Meeting Minutes Supply Chain Integrity, Transparency, and Trust (scitt) WG
Date and time 2024-01-08 16:00
Title Minutes interim-2024-scitt-01: Mon 16:00
State Active
Other versions markdown
Last updated 2024-01-08

minutes-interim-2024-scitt-01-202401081600-00

tags: ietf-scitt
\?

tags: ietf-scitt

IETF SCITT Periodic Meeting Agenda Draft

January 8, 2024

Agenda Items:

Diff of changes from last time:
https://ietf-wg-scitt.github.io/draft-ietf-scitt-architecture/#go.draft-ietf-scitt-architecture.diff

Steve went through the dependency diagram that Orie maintains in the GH
Issue, Steve and Henk have added details.

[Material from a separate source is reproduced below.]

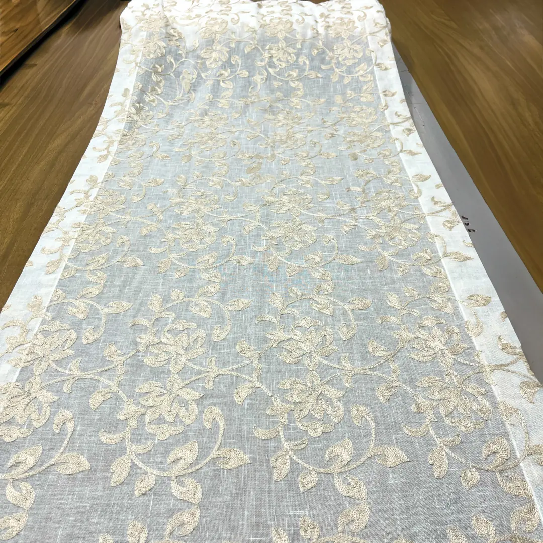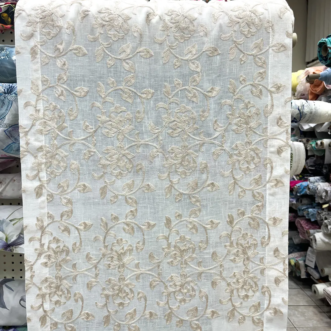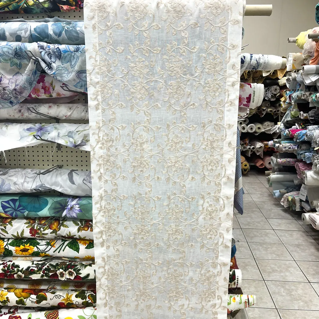 Tessuto per tende a vetro con fantasia floreale ricamata

Henk suggests a few more things are needed before we issue WGLC for the
architecture. Issue 148 tracking some of this: enks comment here on text
changes needed that are blocking architecture:
https://github.com/ietf-wg-scitt/draft-ietf-scitt-architecture/issues/148#issuecomment-1881265948

AJ Asks where the dependency on the hash envelope comes from. Henk says
it's drawn in by SCRAPI since COSE doesn't quite provide all the
building blocks for a detached payload "by reference by hash" - that
requires an enhancement of Signed Statements/COSE-Sign1.

Henk: Proposal to move the
[draft-steele-cose-hash-envelope]((https://github.com/OR13/draft-steele-cose-hash-envelope)
draft to SCRAPI

Verifier & Relying Party update: A.J.: after reviewing, there were more
questions. Took the current state of the diagram from mermaid. Had some
questions on consumers and auditors as opposed to relying parties. Seems
a bit out of alignment with other specs, such as RATS. Would like to use
the term relying party, and verifier. Proposal to move away from
auditor, towards verifier and relying party.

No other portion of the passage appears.